Moravian’s Sept. 29 financial update detailed the pressures behind the cuts. While both undergraduate and graduate enrollment have continued to grow, juxtaposing national declining student population trends, expenses still outpaced revenue.
Between 2024 and 2025, operational expenses rose 24%, including a 41% increase in utilities, a 61% increase in grounds maintenance, a 52% increase in advertising, and a 41% increase in equipment costs. As a tuition-dependent institution, these expenses pose challenges. Despite high enrollment rates, Moravian’s financial stability remains closely tied to student revenue.
The increase in advertising comes as an effort to increase student enrollment across undergraduate, graduate, and adult completion programs.
“It became apparent once we knew the number of students, retention, and how much money we actually had,” Grigsby explained. “We had pulled as many levers as we could to figure out how to balance the budget. At that point, the options were either to freeze raises and retirement contributions, drop the operating budget by $5 million, which would impact students directly, or implement layoffs.”
Ultimately, the university opted for a combination of layoffs and operating reductions, which Grigsby said would allow the university to “maintain the student experience” while addressing its financial needs.

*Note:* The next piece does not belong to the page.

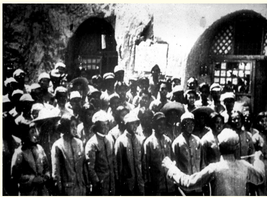
郑律成指挥音乐系同学练合唱(1939年) (资料照片)

“夕阳辉耀着山头的塔影，月色映照着河边的流萤……”舒缓深情的前奏缓缓响起，宝塔山巍然矗立，延河水静静流淌，八十多年前无数青年奔赴革命圣地的滚烫理想，随着悠扬旋律铺展眼前。诞生于鲁艺窑洞的《延安颂》，是烽火年代青年学子发自肺腑的礼赞，跨越山河岁月，依旧激荡着当代国人的红色初心。这首歌唱咏时而深情婉转，诉说着革命圣地的温情岁月；时而高亢激昂，唱响着军民同心、奋勇向前的壮志豪情。歌声之中，仿佛能看到延河流域，看到青年学子奔赴圣地的坚定身影，看到军民携手耕耘、并肩奋斗的动人画面，巍巍宝塔山在悠扬歌声里，更显庄严肃穆。

Grigsby emphasized that the layoffs were not performance-based. Instead, vice presidents across divisions assessed their departments and made recommendations for where work could be “restructured, reduced, or redistributed.” The goal, he said, was to preserve academic quality and student-facing operations.
“No faculty positions were affected,” Grigsby said. “No one will see day-to-day operations change. We already delegated tasks and are asking: does the work still need to be done, who is doing it, and what technology support can we get?”
The personnel adjustments included seven eliminated positions, four restructured positions, four vacant positions left unfilled, eight positions shifting from 12-month to 10-month schedules, two positions with reduced hours, two positions refilled at lower salaries, and three positions not being replaced after retirements.
Grigsby stated that while the university anticipates a balanced budget this year, it will continue to monitor expenses closely and limit nonessential purchases. The rollout of Oracle, a new financial management system, is expected to provide better oversight and prevent future overspending.
“This year’s deficit was, in many ways, self-inflicted,” Grigsby said. “We are one of the few institutions with growing revenue and enrollment. We just spent more than we budgeted for.”
Grigsby clarified that the HUB construction was not a factor in overspending.
Despite the financial challenges, Grigsby remains optimistic about Moravian’s trajectory. He said enrollment indicators for next fall are already ahead of last year. Graduate programs, in particular, have exceeded expectations, enrolling more new students this year than the incoming undergraduate class for the first time in the university’s history.
“We’ve been working for over a decade to offset the demographic cliff through new graduate and adult programs,” Grigsby said. “Programs like aviation, where there’s huge workforce demand, are key examples of how we’ll continue to grow sustainably.”